High fructose intake upregulates hepatic USP2 expression

To explore the mechanisms of how dietary fructose impacts MASLD, we performed RNA-Sequence (RNA-Seq) on the liver tissues of the mice. We firstly compared the genetic profiles of mice between the Con and Fr groups, the partial least squares discriminant analysis (PLSDA) plot showed distinguished clusters (Fig. 3A). Compared to the Con group, there were 816 downregulated and 1356 upregulated genes in the liver of Fr group mice (Fig. 3B). KEGG analysis demonstrated that these differentially expressed genes (DEGs) were enriched in pathways related to tumorigenesis, glucose and lipid metabolism, and inflammation (Fig. 3C). We then compared genetic profiles of mice between WD and WDF groups, distinguished clusters were observed by PLSDA plot (Fig. 3D). Totally, 1605 DEGs were found, of which 677 were downregulated and 928 were upregulated in WDF group (Fig. 3E), and they were enriched in pathways related to cellular metabolism and cycle, inflammation, and immune response (Fig. 3F). When we cross-check all the DEGs (p adj<0.05) in the 4 groups, Usp2 was the only gene that was specifically upregulated by fructose (Fig. 3G&H). To verify these findings, we detected the expression of USP2 in the liver of mice. Expectably, we observed increased mRNA and protein expression of USP2 in Fr and WDF mice but not in WD mice (Fig. 3 I&J).
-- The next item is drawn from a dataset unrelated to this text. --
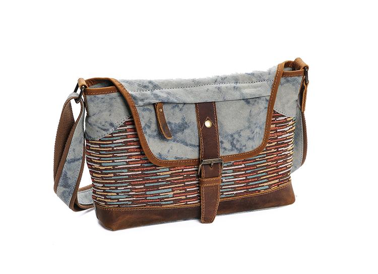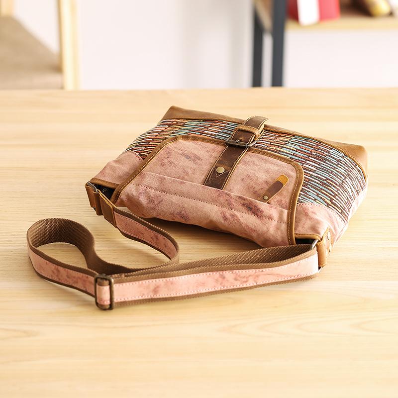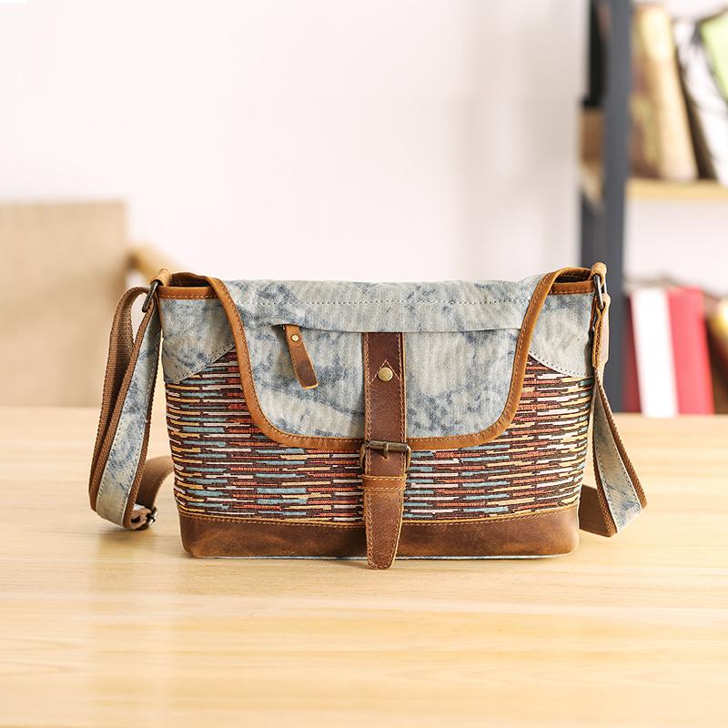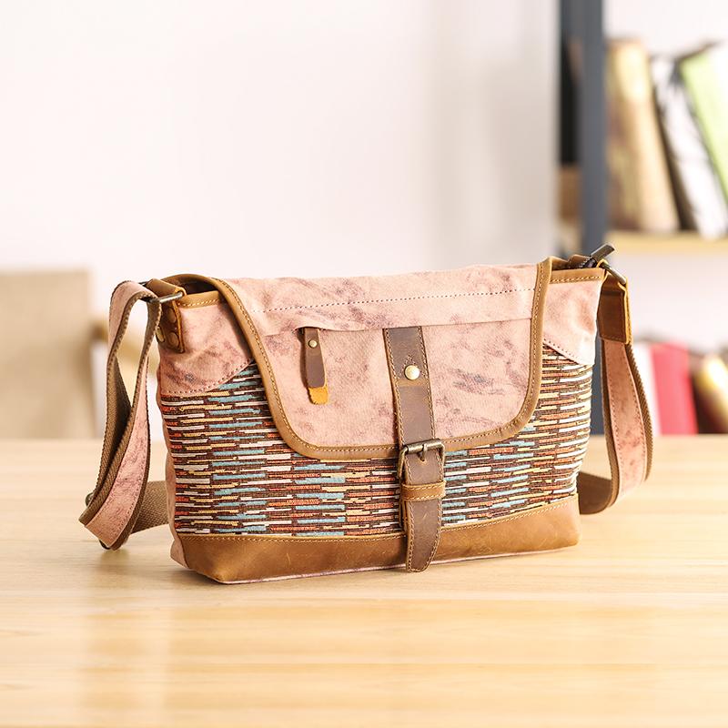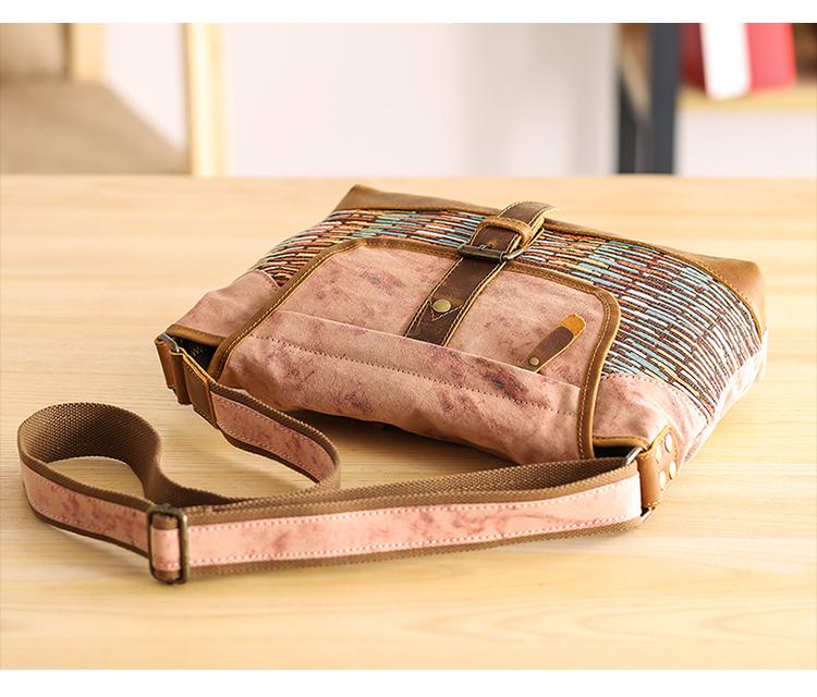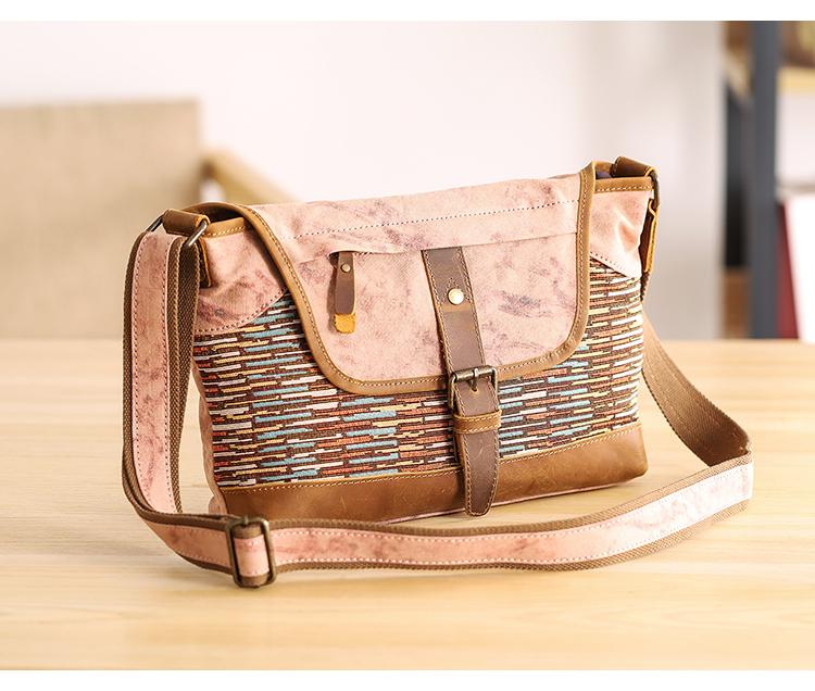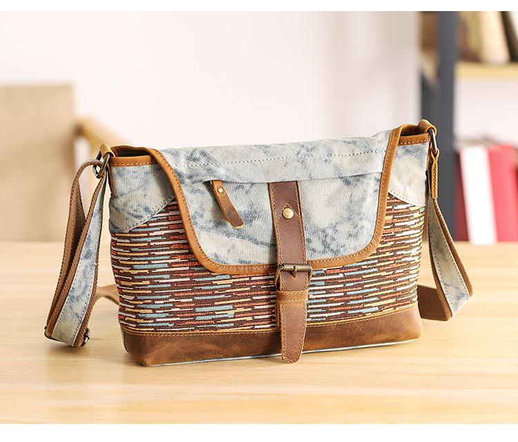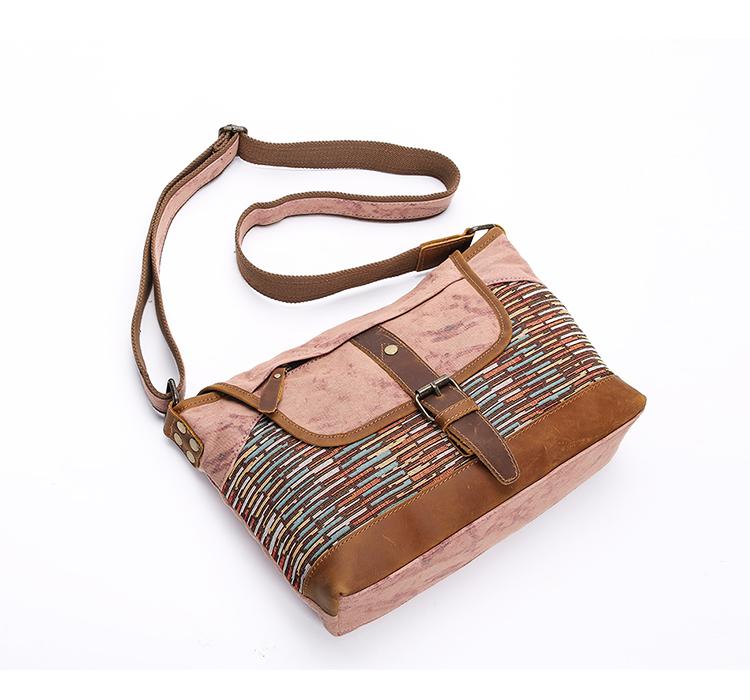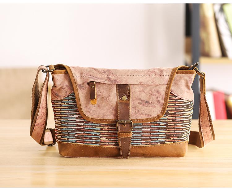 Design: Ethnic Style Waxed Canvas Leather Mens Womens Side Bag Shoulder Bag Messenger Bag for Men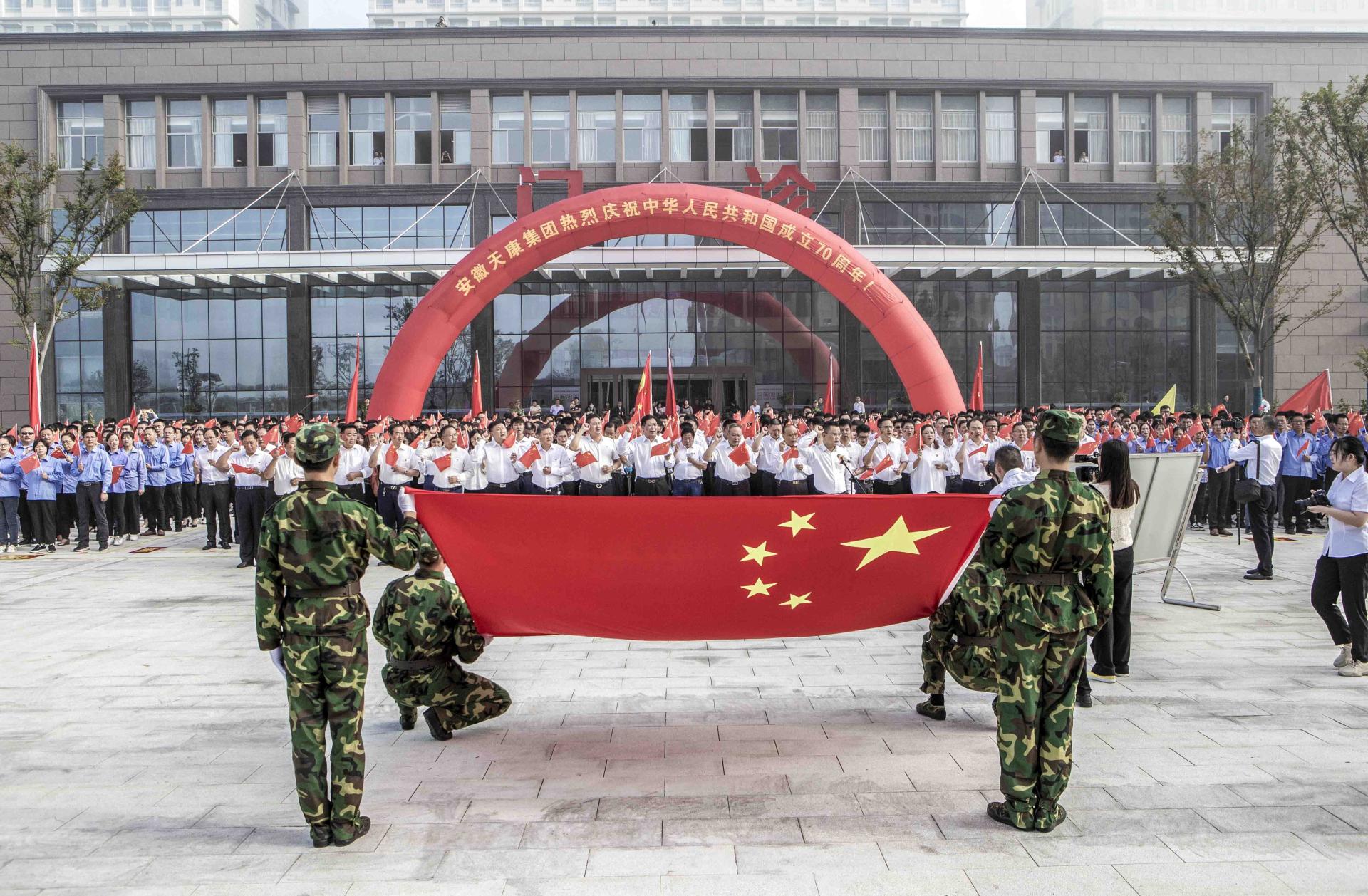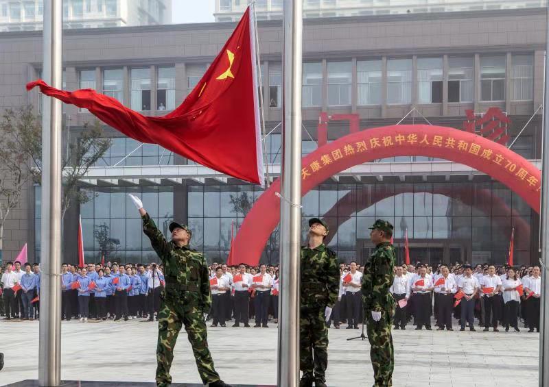 為慶祝中華人民共和國成立70周年,歌頌偉大祖國母親,9月29日上午,在集團(tuán)黨委的領(lǐng)導(dǎo)下,集團(tuán)“兩辦”、工會(huì)、共青團(tuán)、文宣部、新時(shí)代文明實(shí)踐點(diǎn)在南市區(qū)天康醫(yī)院廣場(chǎng)聯(lián)合舉行了以“向國旗致敬,祖國在我心中”為主題的大型升旗儀式。集團(tuán)領(lǐng)導(dǎo)、全體黨員、銷售副總、銷售經(jīng)理、副部級(jí)以上管理人員、優(yōu)秀職工代表等近千余人參加了升旗儀式。 上午8點(diǎn),伴隨著雄壯的國歌,升旗手把國旗拋向空中,五星紅旗冉冉升起,全體黨員、干部和職工肅立站好,行注目禮。隨后,在黨委副書記、總經(jīng)理毛文章的帶領(lǐng)下,全體人員右手握拳,面向國旗莊嚴(yán)宣誓。鏗鏘有力的錚錚誓言,恢弘響亮的聲音響徹廣場(chǎng),感染了在場(chǎng)每一位員工干部。 活動(dòng)中,集團(tuán)黨委書記、董事長趙寬發(fā)表了重要講話,表達(dá)了對(duì)祖國70華誕的熱烈祝賀。并強(qiáng)調(diào),國家強(qiáng)大企業(yè)才能興旺,大家要不忘初心,牢記使命,全身心的投入到建設(shè)天康、發(fā)展天康的工作中。

Analysis of immunohistochemical images of liver sections revealed that the positive staining of USP2 was more obvious in fructose-administrated mice (Fig. 3K). In addition, USP2 expression was also found to be upregulated in the liver of fructose-containing (fructose-, palmitate-, and cholesterol-enriched, FPC) diet-induced MASLD mice, but not in a choline-methionine deficient diet (MCD)-induced MASLD mice (Fig. S3A). Together, these results suggested that USP2 might be a key mediator of fructose in driving MASLD development and progression.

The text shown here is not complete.